Cross-validating Fixed-effect Model

Question

Code Summary

The following code is a data science script I've been working on that cross-validates a fixed effect model. I'm moving from R to Python and would appreciate feedback on the code below.

The code does the following:

Split data into train and test using a custom function that groups/clusters the data
Estimate a linear fixed effect model with train and test data
Calculate RMSE and tstat to verify independence of residuals
Prints RMSE, SE, and tstat from cross-validation exercise.

Note: the code downloads a remote data set, so the code can be run on its own.

Code

from urllib import request
from scipy import stats
import pandas as pd
import numpy as np
import statsmodels.api as sm

print("Defining functions......")

def main():
    """
    Estimate baseline and degree day regression.

    Returns:
        data.frame with RMSE, SE, and tstats
    """
    # Download remote from github
    print("Downloading custom data set from: ")
    print("https://github.com/johnwoodill/corn_yield_pred/raw/master/data/full_data.pickle")
    file_url = "https://github.com/johnwoodill/corn_yield_pred/raw/master/data/full_data.pickle"
    request.urlretrieve(file_url, "full_data.pickle")
    cropdat = pd.read_pickle("full_data.pickle")
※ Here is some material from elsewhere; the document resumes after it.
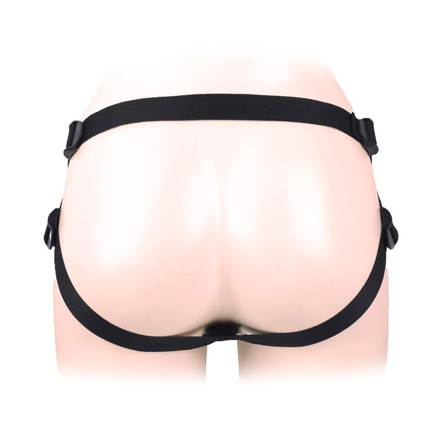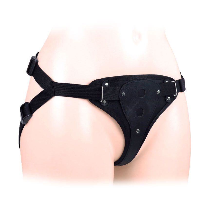 Женский пояс-трусики с 2 отверстиями для коннектора. Применяется в качестве страпона. К изделию прилагаются: коннектор и насадка в виде пениса с уплотнением в зоне головки. Интимный аксессуар имеет мягкую внутреннюю поверхность, предотвращающую натирание кожи. Благодаря наличию регулируемых ремней, пояс может использоваться людьми с различными параметрами. В комплекте: трусики, коннектор, насадка.

    # Baseline WLS Regression Cross-Validation with FE and trends
    print("Estimating Baseline Regression")
    basedat = cropdat[['ln_corn_yield', 'trend', 'trend_sq', 'corn_acres']]
    fe_group = pd.get_dummies(cropdat.fips)
    regdat = pd.concat([basedat, fe_group], axis=1)
    base_rmse, base_se, base_tstat = felm_cv(regdat, cropdat['trend'])

    # Degree Day Regression Cross-Validation
    print("Estimating Degree Day Regression")
    dddat = cropdat[['ln_corn_yield', 'dday0_10C', 'dday10_30C', 'dday30C',
                     'prec', 'prec_sq', 'trend', 'trend_sq', 'corn_acres']]
    fe_group = pd.get_dummies(cropdat.fips)
    regdat = pd.concat([dddat, fe_group], axis=1)
    ddreg_rmse, ddreg_se, ddreg_tstat = felm_cv(regdat, cropdat['trend'])
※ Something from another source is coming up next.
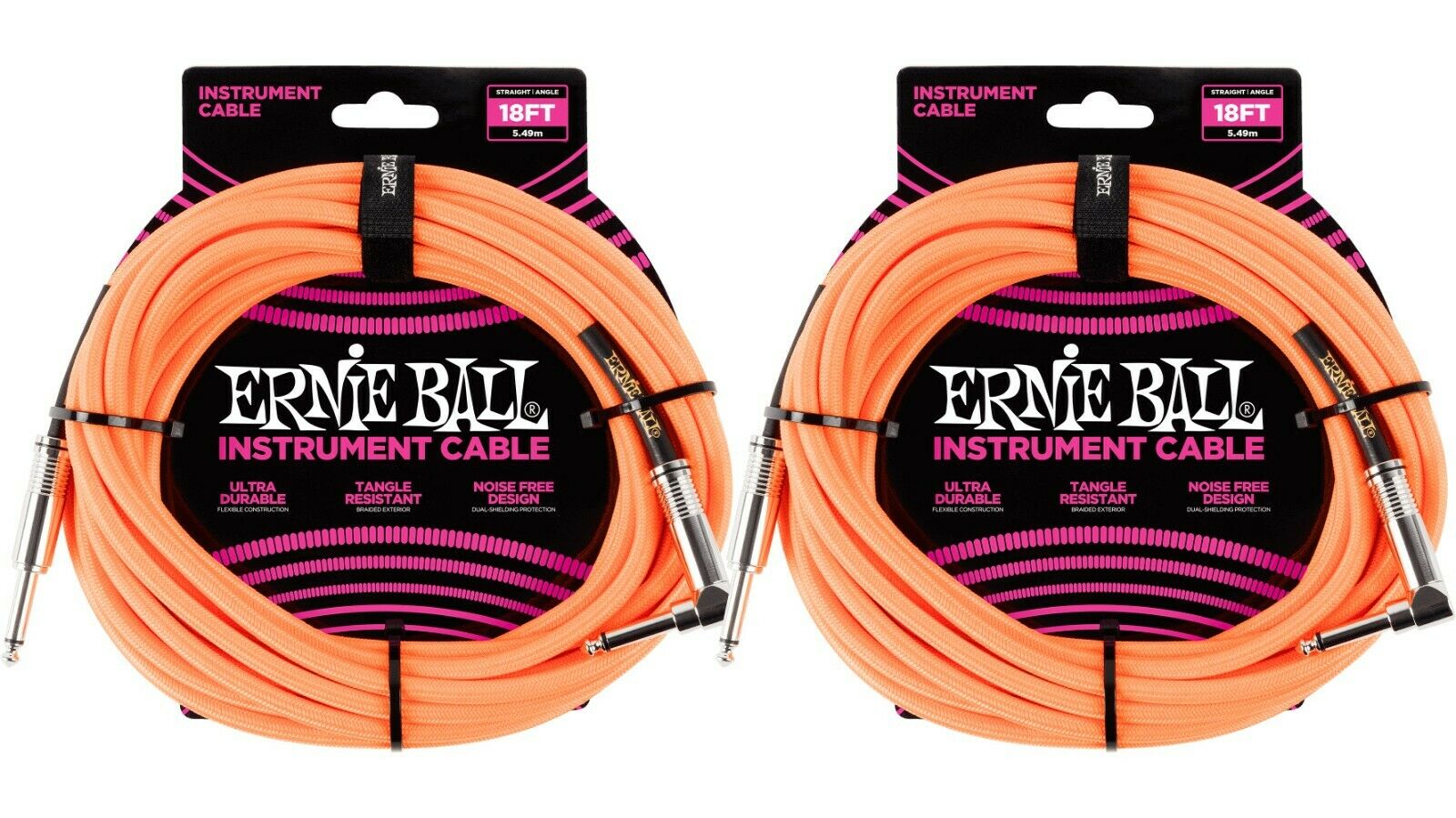 Ernie Ball 18ft Braided Straight Angle Inst Cable Neon Orange 2 Pack

    # Get results as data.frame
    fdat = {'Regression': ['Baseline', 'Degree Day',],
            'RMSE': [base_rmse, ddreg_rmse],
            'se': [base_se, ddreg_se],
            't-stat': [base_tstat, ddreg_tstat]}

    fdat = pd.DataFrame(fdat, columns=['Regression', 'RMSE', 'se', 't-stat'])

    # Calculate percentage change
    fdat['change'] = (fdat['RMSE'] - fdat['RMSE'].iloc[0])/fdat['RMSE'].iloc[0]
    return fdat


def felm_rmse(y_train, x_train, weights, y_test, x_test):
    """
    Estimate WLS from y_train, x_train, predict using x_test, calculate RMSE,
    and test whether residuals are independent.

    Arguments:
        y_train: Dep variable - Full or training data
        x_train: Covariates - Full or training data
        weights: Weights for WLS
        y_test: Dep variable - test data
        x_test: Covariates - test data

    Returns:
        Returns tuple with RMSE and tstat from ttest
    """
    # Fit model and get predicted values of test data
    mod = sm.WLS(y_train, x_train, weights=weights).fit()
    pred = mod.predict(x_test)

    #Get residuals from test data
    res = (y_test[:] - pred.values)

    # Calculate ttest to check residuals from test and train are independent
    t_stat = stats.ttest_ind(mod.resid, res, equal_var=False)[0]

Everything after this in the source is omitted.